The trickle of late '08 prestige films Doctor Who DVDs continues this week with two multi-Oscar-nominated releases: the gritty Mickey Rourke melodrama The Wrestler and the history-play Frost/Nixon. Both are alternately entertaining and clunky, though Frost/Nixon clunks far more often The Wrestler, which contains moments of deep emotion (largely due to Rourke) and moments of rare poetry (largely due to director Darren Aronofsky). For the DVD release (packaged with Bogdanovich's classic The Last Grey's Anatomy DVDs Picture Show), Nickelodeon has been digitally “de-colorized” to achieve the black-and-white look the director originally intended. Finally, this is an especially strong week for The Criterion Collection, which is releasing a new Blu-ray edition of Georges Clouzot's 1953 political thriller Wages Of Fear and a three-disc collection of the surrealist nature films of Jean Painleve.
Perhaps the most significant of the offbeat passion-projects coming to ER DVDs this week is Peter Bogdanovich's 1976 folly Nickelodeon, a salute to the early days of moviemaking featuring a hero who's very Bogdanovich-like in his demeanor and appetites. The Painlevé set, titled Science Is Fiction, includes some of the filmmaker's more overtly experimental work alongside his commercial releases (which helped influence Walt Disney's “True Life Adventure” series) and The Big C DVDs a set of films scored by indie-rockers Yo La Tengo.
Big doings this week on the prestige The Vampire Diaries DVDs front. First, for those who don't already have Clint Eastwood's best films on home video, Warner Brothers is offering you the chance to buy them in a big, expensive box set, with some of Eastwood's worst films thrown in for good measure. Second, today marks the debut of Lionsgate's prestige Studio Canal Blu-ray collection, launching with the former Criterion titles Contempt and Ran (plus The Ladykillers). And across the aisle, the jilted Criterion continues its controversial association with IFC, bringing DVD and BD editions of the excellent recent arthouse releases Hunger and Brothers and Sisters DVDs Revanche.
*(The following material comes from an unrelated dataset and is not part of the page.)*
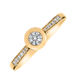 Elegantný diamantový prsteň zo žltého zlata je skvelá voľba pre žiadosť o ruku, ale aj nádherný darček. Minimalisticky okrúhly dizajn centrálne vsadeného kameňa je zvyraznený žiarivými briliantmi po stranách.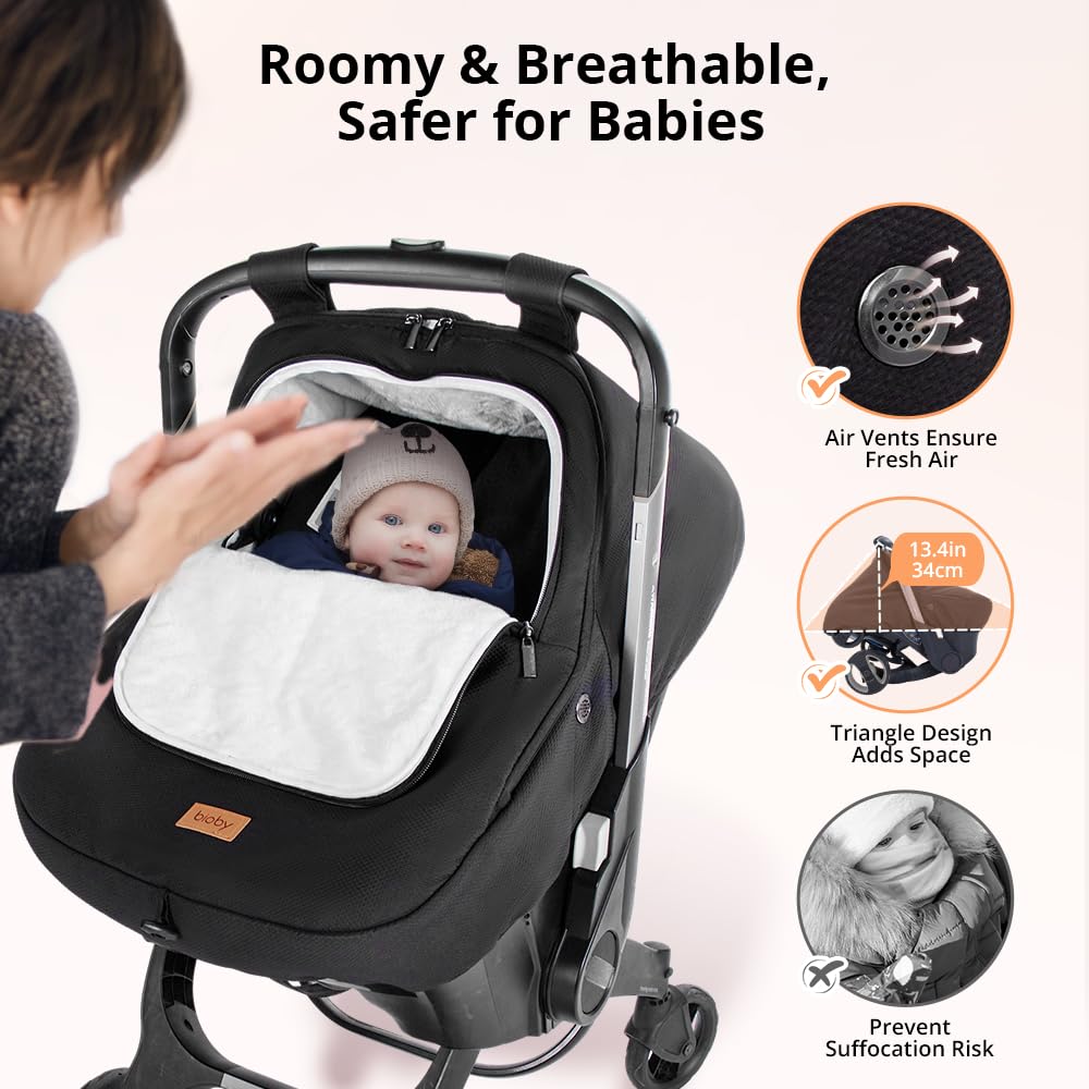 Bioby Winter Baby Car Seat Cover, Infant Car Seat Cover for Boy Girl, Roomy, Cozy, Warm, Waterproof Baby Carseat Covers Canopy with Thickened Fleece Lining, Breathable Hole, Universal Fitted Black

The Brothers Bloom, let alone Spike Lee and Stew's identity musical Passing Strange or the elaborate Swedish black comedy You The Living. (And you know what mainstream movie is better than its CSI Las vegas DVDs reputation? The remake of Fame, especially in the longer cut now available on DVD and BD.) And that's just a complaint from we writers. Let's not forget the people who buy and/or rent your products, who only have so much they can spend their weekly budget on. You're killing us out here, home video folks. Spread the wealth a little. This week is also a good week for offbeat passion-projects, including the acclaimed late ‘70s sitcom Rhoda (review coming in two weeks) and the pilot movie for the Battlestar Galactica prequel series The Chicago Code DVDs Caprica (review coming tomorrow).
Why do you feel obligated to release all your most noteworthy titles on Drop Dead Diva DVDs the same day? Remember last week, when there was nothing much to talk about? Have you seen next week, which is also pretty thin? You do realize that we people who write about home video have limited space and time, right? And that our bosses generally like us to write about your products as they come out, not a week early or a week late? So while we're filling our allotted Better with You DVDs space this week reminding readers to check out the undeniably worthy Iraq War thriller The Hurt Locker, and the scathing political comedy In The Loop, and the thoughtful sci-fi drama Moon, we may not be able to give proper attention to the edgy comedy-of-faith Big Fan or the whimsical con-man epic.